(Stored items from a collection)
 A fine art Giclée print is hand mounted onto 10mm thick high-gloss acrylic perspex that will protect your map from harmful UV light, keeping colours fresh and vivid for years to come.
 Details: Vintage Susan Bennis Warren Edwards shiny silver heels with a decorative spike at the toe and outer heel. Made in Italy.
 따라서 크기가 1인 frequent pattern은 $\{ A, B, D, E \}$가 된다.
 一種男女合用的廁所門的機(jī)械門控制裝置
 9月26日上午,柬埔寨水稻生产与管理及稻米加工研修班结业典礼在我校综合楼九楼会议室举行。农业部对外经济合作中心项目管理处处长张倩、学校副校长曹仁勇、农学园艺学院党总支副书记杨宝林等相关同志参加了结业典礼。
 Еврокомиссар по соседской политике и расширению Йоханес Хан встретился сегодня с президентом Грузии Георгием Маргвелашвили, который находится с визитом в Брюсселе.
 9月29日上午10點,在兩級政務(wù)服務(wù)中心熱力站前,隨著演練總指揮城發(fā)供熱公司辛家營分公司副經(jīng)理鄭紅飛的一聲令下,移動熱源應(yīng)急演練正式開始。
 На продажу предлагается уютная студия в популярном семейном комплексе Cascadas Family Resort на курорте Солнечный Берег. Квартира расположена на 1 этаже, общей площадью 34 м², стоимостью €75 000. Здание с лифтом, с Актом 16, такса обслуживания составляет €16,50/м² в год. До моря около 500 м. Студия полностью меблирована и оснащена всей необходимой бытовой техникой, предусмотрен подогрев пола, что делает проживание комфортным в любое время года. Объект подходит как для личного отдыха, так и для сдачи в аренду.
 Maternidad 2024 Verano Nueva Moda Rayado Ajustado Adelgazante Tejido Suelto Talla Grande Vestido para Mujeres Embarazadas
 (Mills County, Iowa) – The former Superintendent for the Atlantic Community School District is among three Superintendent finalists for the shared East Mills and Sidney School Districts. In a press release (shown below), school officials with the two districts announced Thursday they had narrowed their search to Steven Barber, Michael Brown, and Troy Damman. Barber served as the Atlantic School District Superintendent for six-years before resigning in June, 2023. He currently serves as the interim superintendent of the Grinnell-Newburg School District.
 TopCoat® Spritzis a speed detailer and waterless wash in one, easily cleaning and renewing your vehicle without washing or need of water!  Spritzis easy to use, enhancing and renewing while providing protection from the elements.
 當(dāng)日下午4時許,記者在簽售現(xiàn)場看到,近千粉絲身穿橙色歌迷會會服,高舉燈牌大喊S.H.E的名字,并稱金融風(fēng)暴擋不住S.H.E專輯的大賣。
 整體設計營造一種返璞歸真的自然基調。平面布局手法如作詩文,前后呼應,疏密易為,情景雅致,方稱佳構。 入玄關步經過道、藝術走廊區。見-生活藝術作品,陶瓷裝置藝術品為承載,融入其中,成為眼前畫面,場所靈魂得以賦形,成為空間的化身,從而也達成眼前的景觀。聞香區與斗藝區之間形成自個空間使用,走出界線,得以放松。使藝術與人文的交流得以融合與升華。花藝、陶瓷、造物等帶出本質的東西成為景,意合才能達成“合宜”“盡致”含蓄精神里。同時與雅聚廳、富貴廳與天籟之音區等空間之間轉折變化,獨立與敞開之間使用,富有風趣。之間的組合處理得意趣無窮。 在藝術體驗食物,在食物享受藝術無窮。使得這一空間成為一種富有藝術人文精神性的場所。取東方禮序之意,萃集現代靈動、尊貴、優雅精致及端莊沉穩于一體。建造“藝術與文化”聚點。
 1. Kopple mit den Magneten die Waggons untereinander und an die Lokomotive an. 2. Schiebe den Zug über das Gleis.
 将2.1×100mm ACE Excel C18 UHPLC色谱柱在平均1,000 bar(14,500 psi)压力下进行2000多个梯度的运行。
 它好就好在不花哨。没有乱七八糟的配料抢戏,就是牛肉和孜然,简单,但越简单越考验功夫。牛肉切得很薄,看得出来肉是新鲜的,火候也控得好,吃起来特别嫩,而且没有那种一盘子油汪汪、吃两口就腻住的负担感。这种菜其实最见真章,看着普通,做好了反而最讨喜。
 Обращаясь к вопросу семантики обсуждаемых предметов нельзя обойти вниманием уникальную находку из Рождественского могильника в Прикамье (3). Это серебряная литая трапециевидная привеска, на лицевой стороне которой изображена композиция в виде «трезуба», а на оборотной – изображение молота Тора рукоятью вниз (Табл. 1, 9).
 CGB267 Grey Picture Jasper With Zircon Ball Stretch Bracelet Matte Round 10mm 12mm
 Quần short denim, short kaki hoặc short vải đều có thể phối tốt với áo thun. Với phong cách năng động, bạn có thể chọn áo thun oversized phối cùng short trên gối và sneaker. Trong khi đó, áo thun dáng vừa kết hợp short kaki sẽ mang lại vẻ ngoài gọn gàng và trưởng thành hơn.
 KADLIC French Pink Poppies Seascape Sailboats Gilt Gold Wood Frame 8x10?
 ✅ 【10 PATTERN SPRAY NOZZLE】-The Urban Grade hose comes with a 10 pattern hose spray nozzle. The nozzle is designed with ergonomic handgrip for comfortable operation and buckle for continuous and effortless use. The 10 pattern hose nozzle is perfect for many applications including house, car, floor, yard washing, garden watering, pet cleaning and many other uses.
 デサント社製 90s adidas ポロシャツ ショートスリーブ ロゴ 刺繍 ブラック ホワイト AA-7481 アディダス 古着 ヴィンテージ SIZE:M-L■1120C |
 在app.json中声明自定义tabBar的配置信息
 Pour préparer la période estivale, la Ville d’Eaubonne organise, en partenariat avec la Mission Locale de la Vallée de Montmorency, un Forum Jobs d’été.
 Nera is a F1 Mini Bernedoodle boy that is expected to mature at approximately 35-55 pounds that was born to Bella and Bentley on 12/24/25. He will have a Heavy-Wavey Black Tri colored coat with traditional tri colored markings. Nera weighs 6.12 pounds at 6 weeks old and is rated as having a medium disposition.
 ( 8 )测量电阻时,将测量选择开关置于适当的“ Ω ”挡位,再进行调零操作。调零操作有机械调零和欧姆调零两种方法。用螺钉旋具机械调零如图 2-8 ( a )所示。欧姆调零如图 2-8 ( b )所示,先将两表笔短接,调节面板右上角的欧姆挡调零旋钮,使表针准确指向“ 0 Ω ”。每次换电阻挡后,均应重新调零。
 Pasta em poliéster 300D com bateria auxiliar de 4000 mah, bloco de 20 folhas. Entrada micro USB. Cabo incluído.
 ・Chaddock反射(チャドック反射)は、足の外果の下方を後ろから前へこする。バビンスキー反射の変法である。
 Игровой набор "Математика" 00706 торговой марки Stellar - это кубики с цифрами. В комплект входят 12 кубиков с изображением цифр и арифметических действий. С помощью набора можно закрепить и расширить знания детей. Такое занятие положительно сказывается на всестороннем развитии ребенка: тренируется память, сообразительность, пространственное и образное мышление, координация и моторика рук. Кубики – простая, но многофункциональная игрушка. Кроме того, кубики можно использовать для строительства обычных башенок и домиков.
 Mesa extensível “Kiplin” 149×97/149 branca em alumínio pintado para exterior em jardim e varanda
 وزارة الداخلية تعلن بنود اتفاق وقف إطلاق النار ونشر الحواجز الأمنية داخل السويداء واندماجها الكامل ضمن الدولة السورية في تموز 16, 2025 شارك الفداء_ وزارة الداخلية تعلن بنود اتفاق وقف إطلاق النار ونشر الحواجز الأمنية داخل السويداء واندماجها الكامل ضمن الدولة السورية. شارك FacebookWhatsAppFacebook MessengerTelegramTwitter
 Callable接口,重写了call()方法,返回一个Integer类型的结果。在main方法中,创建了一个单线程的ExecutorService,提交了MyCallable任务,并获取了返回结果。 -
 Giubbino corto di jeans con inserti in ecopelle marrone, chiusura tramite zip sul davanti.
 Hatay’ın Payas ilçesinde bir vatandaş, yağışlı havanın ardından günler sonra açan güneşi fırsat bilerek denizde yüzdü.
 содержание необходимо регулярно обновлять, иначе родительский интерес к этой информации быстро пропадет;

§ Exercise prompt
When you reach the line with "9月29日上午10點,在兩級" in the records above, start writing out lines exactly, and stop once the line with "(Mills County, Iowa)" has been written; include nothing else.

§ Answer
 9月29日上午10點,在兩級政務(wù)服務(wù)中心熱力站前,隨著演練總指揮城發(fā)供熱公司辛家營分公司副經(jīng)理鄭紅飛的一聲令下,移動熱源應(yīng)急演練正式開始。
 На продажу предлагается уютная студия в популярном семейном комплексе Cascadas Family Resort на курорте Солнечный Берег. Квартира расположена на 1 этаже, общей площадью 34 м², стоимостью €75 000. Здание с лифтом, с Актом 16, такса обслуживания составляет €16,50/м² в год. До моря около 500 м. Студия полностью меблирована и оснащена всей необходимой бытовой техникой, предусмотрен подогрев пола, что делает проживание комфортным в любое время года. Объект подходит как для личного отдыха, так и для сдачи в аренду.
 Maternidad 2024 Verano Nueva Moda Rayado Ajustado Adelgazante Tejido Suelto Talla Grande Vestido para Mujeres Embarazadas
 (Mills County, Iowa) – The former Superintendent for the Atlantic Community School District is among three Superintendent finalists for the shared East Mills and Sidney School Districts. In a press release (shown below), school officials with the two districts announced Thursday they had narrowed their search to Steven Barber, Michael Brown, and Troy Damman. Barber served as the Atlantic School District Superintendent for six-years before resigning in June, 2023. He currently serves as the interim superintendent of the Grinnell-Newburg School District.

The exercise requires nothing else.